Birth Of Violence est donc un disque des plus intimistes, où sa voix est plus que jamais mise en avant. Une voix qui en impose, occupe l’espace et embellit tout ce qui l’accompagne. Dès qu’on emprunte « The Mother Road » en sa compagnie, elle guide l’assemblée, avec une simple guitare sèche avant que le morceau ne s’enfonce peu à peu dans les ténèbres. Le crescendo est poignant, la batterie prend des allures de sentence irrémédiable, les cordes font monter la pression… On se relève comme on peut et on poursuit dans cette atmosphère lugubre avec toujours le timbre troublant et ensorcelant de Chelsea Wolfe en guise de lampe torche. Les doigts glissent sur les cordes avec délice (« American Darkness », « Be All Simple », le fingerpicking de « Little Grave »), la clarté du son et les arrangements soignés nous immergent totalement (« Preface To A Dream Play”), les refrains sont merveilleux (la plus rêche et tendue « Deranged For Rock n Roll », les envolées de « Dirt Universe »). En dépit de quelques morceaux au magnétisme moins évident (« Erde », « When Anger Turns To Honey »), la magie fait son œuvre, l’envoûtement opère sans difficulté (la sublime « Highway » où les cordes vocales de Chelsea impressionnent une fois de plus et où quelques effets subtils et inquiétants viennent appuyer les simples sons des cordes grattées).
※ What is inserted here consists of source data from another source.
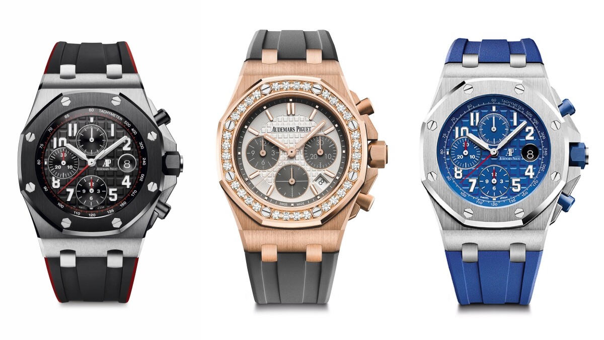 採用精鋼、玫瑰金或黃金錶殼,再結合鑲嵌了 30 顆圓鑽的錶框,以及多彩選擇的橡膠錶帶,嶄新的皇家橡樹離岸型自動上鍊計時碼錶不論在色彩上抑或創意,皆與運動風格的橡膠錶帶呈現奢華對比,大方顯現迷人的時尚氣魄!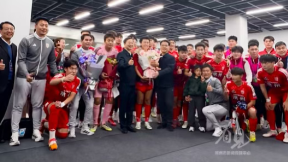 据“常州发布”微信视频号,常州市委书记王剑锋、市长周伟在赛后第一时间为球员和教练送花祝贺。
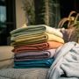 De Kayori Sagano plaid is gemaakt van 40% bamboo-vezel en 60% kunstvezel. Het is een prachtige, zachte kwaliteit waarbij enkel gebruik gemaakt is van de beste en fijnste garens. De Sagano plaid geeft een stijlvolle touch aan jouw interieur. De extreem zachte plaid is ideaal voor op de bank. Je kruipt er dankzij het ruime formaat met gemak helemaal onder, genietend van de behaaglijke warmte en zachtheid. Ook op bed of gedurende een zwoele avond in de tuin komt deze mooie plaid goed van pas. De Sagano plaid heeft een afmeting van 150 x 220 centimeter.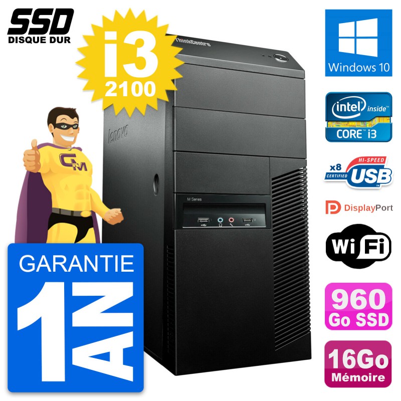 PC Tour Lenovo ThinkCentre M91p - Intel Core i3-2120 3.1 Ghz (3 Mo) - 16 Go DDR3 - Disque Dur SSD 960 Go - Clef Wifi USB - Windows 10 - Garantie 1 an.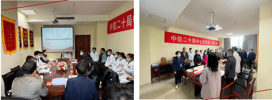 2023年3月14日下午,中鐵二十局集團有限公司中心醫院第二黨支部在超聲醫學科示教室召開組織生活會并開展民主評議黨員活動。參加會議的有黨委委員、院長助理劉連鋒,支部書記張軍強及全體支委、黨小組長和黨員,黨委委員、院長助理劉連鋒以普通黨員身份參加,會議由支部委員王英莉同志主持,支部黨員應到58名,實到53名。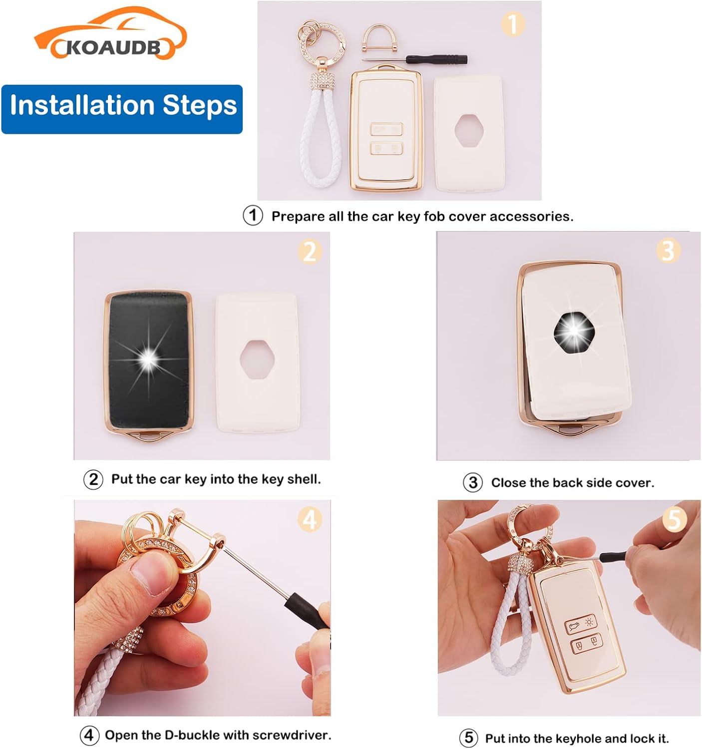 • 【ОПАКОВКА】Този комплект калъфи за автомобилни ключове се предлага с TPU калъф за ключове за кола (ключодържателят не е включен), 1 катарама против загубване, 1 лъскав ключодържател за кола, 3 малки ключодържателя и отвертка. Той може да придаде луксозен и готин вид на ключовете на колата ви, което го прави чудесен подарък за вашите приятели или семейство за Коледа, Деня на благодарността или рождени дни.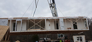 This modular home is typical of the type of modular construction that Belt Built performs. Modular homes are sectional prefabricated houses, that consist of multiple sections called modules. The module sections are constructed at an off-site facility, then delivered to the intended site of use where the construction of the prefabricated sections is completed on site as they are joined together to make a single building. Theses modular homes are built to the same or higher building standards as on-site stick-built homes, conforming to all local building codes for their proposed use.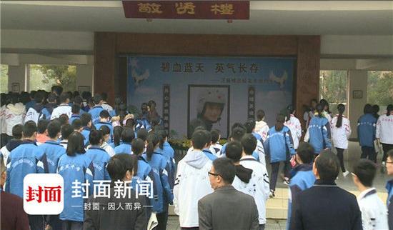 師生們默哀三分鐘,最后,同學們來到了敬賢樓,向余旭的遺像獻花。敬賢樓底樓,余旭的照片被放大到一米多高。照片中,她一身戎裝,淺笑盈盈地望著大家,仿佛起飛前與大家作別。

Hiss Spun se montrait parfois trop écrasant, Birth Of Violence invite davantage à l’apaisement. En surface tout du moins, car une menace diffuse semble bien présente et à même de surgir à tout moment. Mais une porte s’entrouvre, derrière elle une artiste qui nous cajole et nous rassure, alors que tout ce qui l’entoure parait si fragile et proche de s’effondrer. Quand elle finit par se retirer, l’orage gronde (« Storm » en conclusion du disque). Nous voilà de nouveau seuls, trempés, livrés à nous-mêmes. Il ne tient qu’à nous de rouvrir cette porte où l’accueil est si chaleureux, dès que le besoin s’en fera sentir.